**The task:** Once the pictures are removed, reproduce what is left of the data below exactly.

**Given information:**
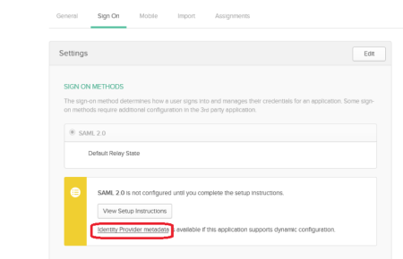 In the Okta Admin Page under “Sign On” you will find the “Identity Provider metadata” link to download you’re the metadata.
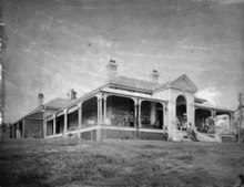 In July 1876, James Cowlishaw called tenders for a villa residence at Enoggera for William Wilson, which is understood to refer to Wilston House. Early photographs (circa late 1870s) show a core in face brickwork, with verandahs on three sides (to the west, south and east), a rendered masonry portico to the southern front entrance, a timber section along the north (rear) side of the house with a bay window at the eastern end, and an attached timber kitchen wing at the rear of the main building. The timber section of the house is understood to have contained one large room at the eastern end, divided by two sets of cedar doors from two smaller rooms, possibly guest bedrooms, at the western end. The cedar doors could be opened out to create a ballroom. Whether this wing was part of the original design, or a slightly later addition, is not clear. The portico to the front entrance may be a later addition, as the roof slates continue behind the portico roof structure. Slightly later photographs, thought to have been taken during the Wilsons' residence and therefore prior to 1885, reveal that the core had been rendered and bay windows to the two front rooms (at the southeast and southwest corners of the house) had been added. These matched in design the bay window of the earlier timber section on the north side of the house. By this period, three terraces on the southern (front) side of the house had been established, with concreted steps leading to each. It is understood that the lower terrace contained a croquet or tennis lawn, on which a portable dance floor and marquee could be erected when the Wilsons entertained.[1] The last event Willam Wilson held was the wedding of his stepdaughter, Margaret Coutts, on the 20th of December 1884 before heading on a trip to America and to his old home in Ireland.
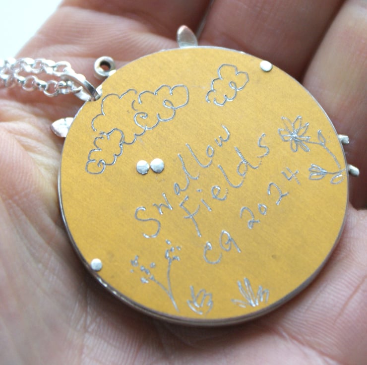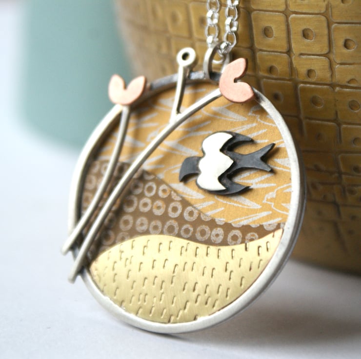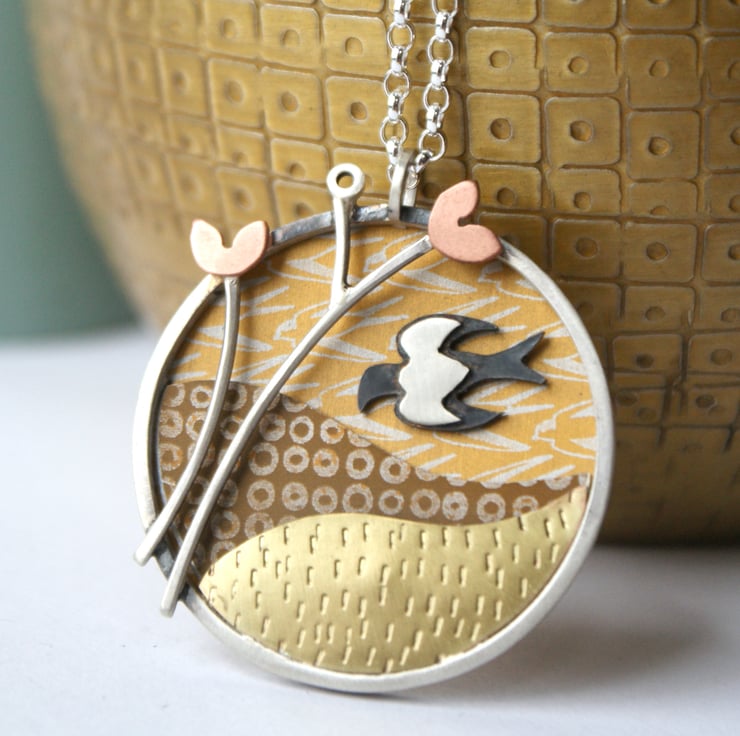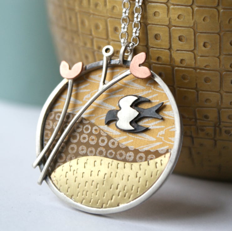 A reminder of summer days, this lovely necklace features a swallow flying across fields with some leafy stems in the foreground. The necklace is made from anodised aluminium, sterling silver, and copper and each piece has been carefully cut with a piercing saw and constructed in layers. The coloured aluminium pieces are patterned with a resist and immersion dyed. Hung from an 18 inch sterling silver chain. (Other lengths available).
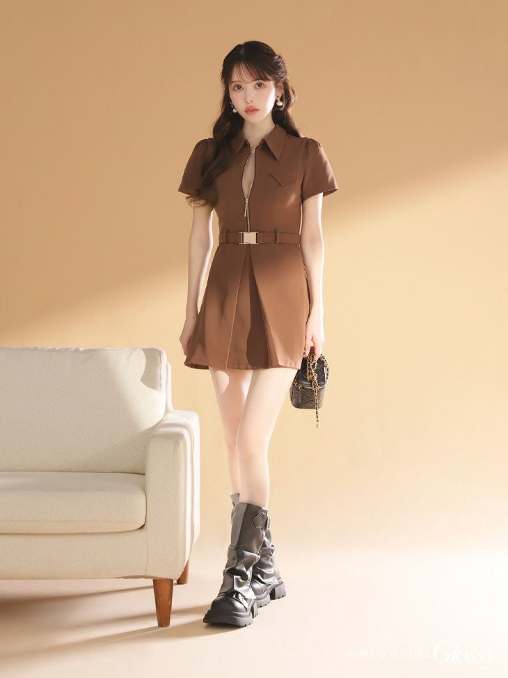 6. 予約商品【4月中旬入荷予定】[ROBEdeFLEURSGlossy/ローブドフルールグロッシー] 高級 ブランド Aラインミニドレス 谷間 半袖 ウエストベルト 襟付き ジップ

**Task output:**
 In the Okta Admin Page under “Sign On” you will find the “Identity Provider metadata” link to download you’re the metadata.
 In July 1876, James Cowlishaw called tenders for a villa residence at Enoggera for William Wilson, which is understood to refer to Wilston House. Early photographs (circa late 1870s) show a core in face brickwork, with verandahs on three sides (to the west, south and east), a rendered masonry portico to the southern front entrance, a timber section along the north (rear) side of the house with a bay window at the eastern end, and an attached timber kitchen wing at the rear of the main building. The timber section of the house is understood to have contained one large room at the eastern end, divided by two sets of cedar doors from two smaller rooms, possibly guest bedrooms, at the western end. The cedar doors could be opened out to create a ballroom. Whether this wing was part of the original design, or a slightly later addition, is not clear. The portico to the front entrance may be a later addition, as the roof slates continue behind the portico roof structure. Slightly later photographs, thought to have been taken during the Wilsons' residence and therefore prior to 1885, reveal that the core had been rendered and bay windows to the two front rooms (at the southeast and southwest corners of the house) had been added. These matched in design the bay window of the earlier timber section on the north side of the house. By this period, three terraces on the southern (front) side of the house had been established, with concreted steps leading to each. It is understood that the lower terrace contained a croquet or tennis lawn, on which a portable dance floor and marquee could be erected when the Wilsons entertained.[1] The last event Willam Wilson held was the wedding of his stepdaughter, Margaret Coutts, on the 20th of December 1884 before heading on a trip to America and to his old home in Ireland.
 A reminder of summer days, this lovely necklace features a swallow flying across fields with some leafy stems in the foreground. The necklace is made from anodised aluminium, sterling silver, and copper and each piece has been carefully cut with a piercing saw and constructed in layers. The coloured aluminium pieces are patterned with a resist and immersion dyed. Hung from an 18 inch sterling silver chain. (Other lengths available).
 6. 予約商品【4月中旬入荷予定】[ROBEdeFLEURSGlossy/ローブドフルールグロッシー] 高級 ブランド Aラインミニドレス 谷間 半袖 ウエストベルト 襟付き ジップ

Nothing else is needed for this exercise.